Prof. Dr. Mesut Gülmez’in kitabının adından alıntılayarak söyleyecek olursam- 'Uluslararası Sosyal Güvenliğin Evrensel Sefaleti”ni gözler önüne serdi. Pandemi bir kez daha gösterdi ki hem işçi sağlığında hem sosyal güvenlikte çok büyük sorunlar, boşluklar ve küresel eşitsizlikler var. Üçüncüsü işsizlik. Uluslararası Çalışma Örgütü’nün güncel raporuna göre sadece 2020’de, 2019’a nazaran toplam küresel istihdam 114 milyon kişi azaldı. Normal koşullarda 2020 yılında 30 milyonluk yeni istihdam artışı olması bekleniyordu. Toplamda 144 milyonluk bir istihdam kaybından söz edebiliriz. Son olarak, işçi haklarına ve sendikal haklara yönelik yeni bir saldırı dalgasını görüyoruz. Pandemiyi fırsat bilen patronlar dünyanın dört bir yanında sendikal örgütlenmeye saldırırken, birçok hükümet de işçi hakları ve sendikal haklara yönelik yeni kısıtlamaları yaşama geçirmeye çalışıyor.
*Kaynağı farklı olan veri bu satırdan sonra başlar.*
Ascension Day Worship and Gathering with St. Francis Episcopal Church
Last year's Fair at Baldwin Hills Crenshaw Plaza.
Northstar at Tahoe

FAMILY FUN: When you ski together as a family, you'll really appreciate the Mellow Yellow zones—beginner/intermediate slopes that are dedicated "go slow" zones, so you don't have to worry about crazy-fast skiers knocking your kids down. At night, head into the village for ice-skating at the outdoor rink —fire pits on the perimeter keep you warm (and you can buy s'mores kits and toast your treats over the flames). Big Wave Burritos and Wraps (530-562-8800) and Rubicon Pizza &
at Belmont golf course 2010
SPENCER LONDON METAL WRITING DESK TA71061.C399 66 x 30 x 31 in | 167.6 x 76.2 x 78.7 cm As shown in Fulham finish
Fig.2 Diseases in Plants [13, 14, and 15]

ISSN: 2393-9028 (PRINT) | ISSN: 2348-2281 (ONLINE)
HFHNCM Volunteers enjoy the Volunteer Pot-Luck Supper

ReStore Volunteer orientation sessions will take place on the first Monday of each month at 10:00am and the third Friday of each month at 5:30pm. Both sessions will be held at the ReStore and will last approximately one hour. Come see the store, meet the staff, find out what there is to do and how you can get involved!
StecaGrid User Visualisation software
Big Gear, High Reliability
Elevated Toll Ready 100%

Uzaktan çalışma, evden çalışma ve benzeri yeni istihdam biçimlerinin yaygınlaştırılması, bu saldırının en önemli araçlarından biri.
Tüm dünyada çalışanlar uzaktan çalışmaya döndü. Çalışan haklarına ne tür tırpan söz konusu?
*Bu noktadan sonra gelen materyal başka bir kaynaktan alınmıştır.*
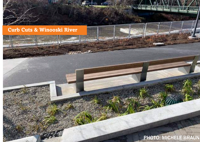
Curb Cuts & Winooski River

If you feel inspired to take action to install or maintain a green infrastructure practice on your land or in your community, visit the websites of the project sponsors to learn about current volunteer opportunities or to obtain guidance to help make your inspiration a reality.
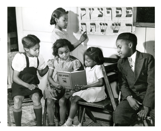
Children of Commandment Keepers study Hebrew, ca. 1940s.
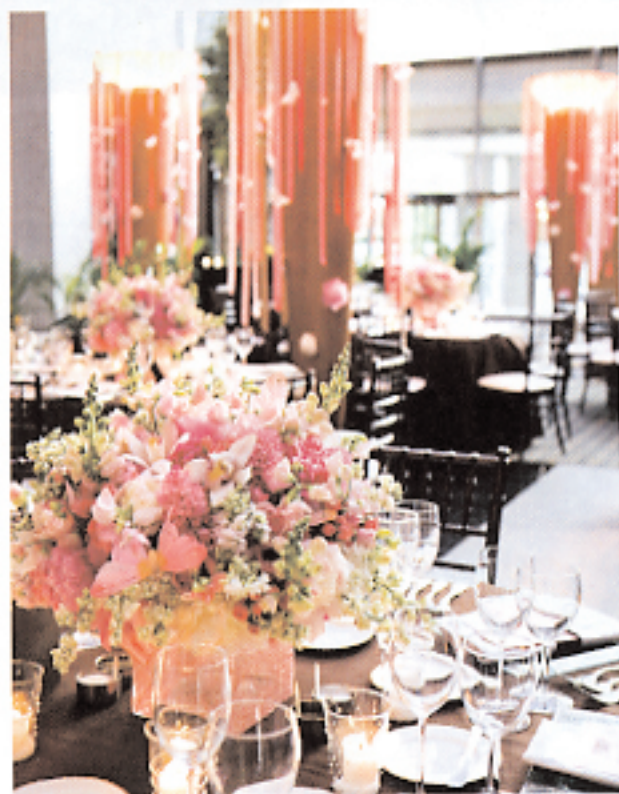
Above: Floral-covered ribbons hanging from light fixtures are offset by low centerpieces of peonies in various shades of pink. The arrangements, set in paper-wrapped glass vases, are adorned with silk butterflies.
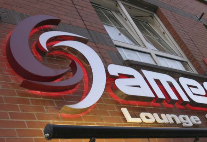
Jameson's lounge & sports bar with red led illumination - Portadown

polished stainless steel letters halo illuminated red to create atmosphere using energy efficient 12 volt leds
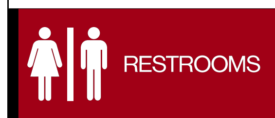
S.12 6" x 14"
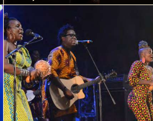
Bénin International Musical • 2019
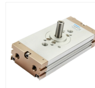
45. Model: CRQ Pneumatic rotary table
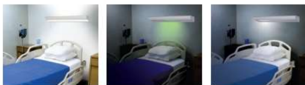
Uplight & Downlight
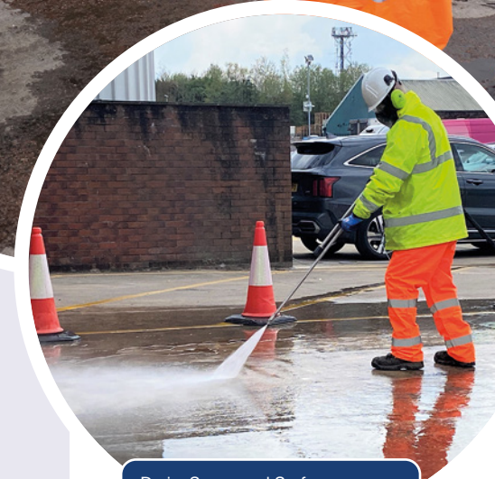
Drain, Sewer and Surface Preparation Practical Assessment
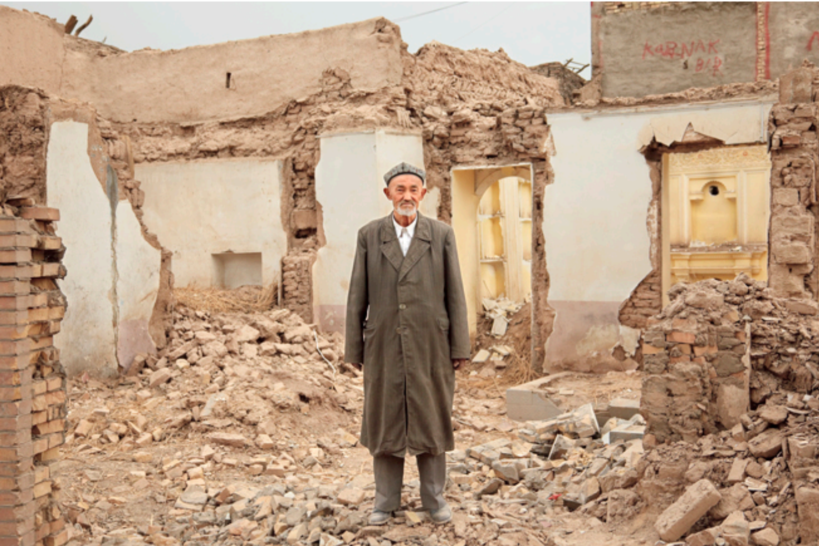
Kashgari man standing on the site of his former home, August 2011.

Though it would be difficult to verify, indications suggest that the government was successful in demolishing its planned 85% of the Old City, and likely more, given that it even reconstructed some areas initially slated to be preserved. Indeed, the Global Heritage Network's (GHA) Site Conservation Assessment Report of Kashgar estimates that 90% of the Old City was destroyed. 52 Atmospherically, the effect was totalizing. Not only did the inhabitants go through the devastation of seeing their (sometimes centuries-old) ancestral homes destroyed, those who were able to return saw the city rebuilt in a performative, tourist-friendly shadow of its former self. The process unfolded
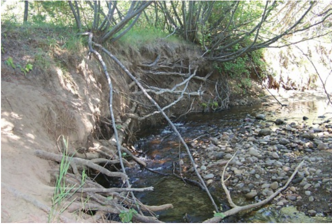
Massive erosion on Third Creek

Uzaktan çalışmanın yol açtığı sorunlardan biri, maliyetlerin işçilerin sırtına yüklenmek istenmesi. Uzaktan çalışma bahanesiyle işçilerin ücretleri düşürülmek, yol ve yemek ücreti gibi hakları gasp edilmek isteniyor.
"Emekten yana politika şart"
Bu dönemde hükümetlerin çalışanlara ne tür destekler vermesi gerekiyordu?
Türkiye’de sayısı 3.5 milyon civarında olan sigortasız işçiler, çalışmadıkları dönemde ne nakdi ücret desteği ne de kısa çalışma ödeneği alabildi. Nakdi ücret desteği kapsamında olan işçiler, asgari ücretin çok altında bir destek ile sefalete terk edildi. Giderek büyüyen işsizlik sorununa karşı etkin politikalar yok. Oysa yapılması gereken istihdamın, işçilerin hak ve ücretlerinin korunması için etkin, kapsayıcı ve en önemlisi de sendikaların katılımıyla hazırlanmış emekten yana sosyal politikaların uygulanması.
"Kod29 üzerinden işçiler adeta kıyıma tâbi tutuldu"
Pandemi döneminde Türkiye’yi diğer faaliyet gösterdiğiniz ülkelerden ayrıştıran özellikler neler oldu?
Türkiye, pandemi sürecinde sendikal hak ihlallerin tavan yaptığı ülkeler arasında yer alıyor. Türkiye, toplu pazarlığın işyeri-şirket düzeyi ile sınırlı olduğu, sektörel toplu pazarlığın olmadığı ülkelerden biri ve bu durum işçilerin hak ve çıkarlarının korunması ve geliştirilmesinin önünde çok büyük bir engel teşkil ediyor. Son derece kötü bir sendikal mevzuat, yaygın ve pervasız sendikal hak ihlalleri ile toplu pazarlığın kapsamının çok dar olması; Türkiye’nin benzer durumdaki ülkelerle birlikte aynı -en hafif tabirle- zor grupta yer almasına yol açıyor. Ancak işten çıkarma yasağı döneminde, sendikalaşan işçilerin Kod-29 üzerinden adeta kıyıma tabi tutulabilmesi ve Yemeksepeti örneğinde olduğu üzere kâğıt üzerindeki bir işkolu değişikliğe ile sendikal örgütlenmenin bertaraf edilebilmesi, Türkiye’yi bu grup içinde özel bir yere koyuyor."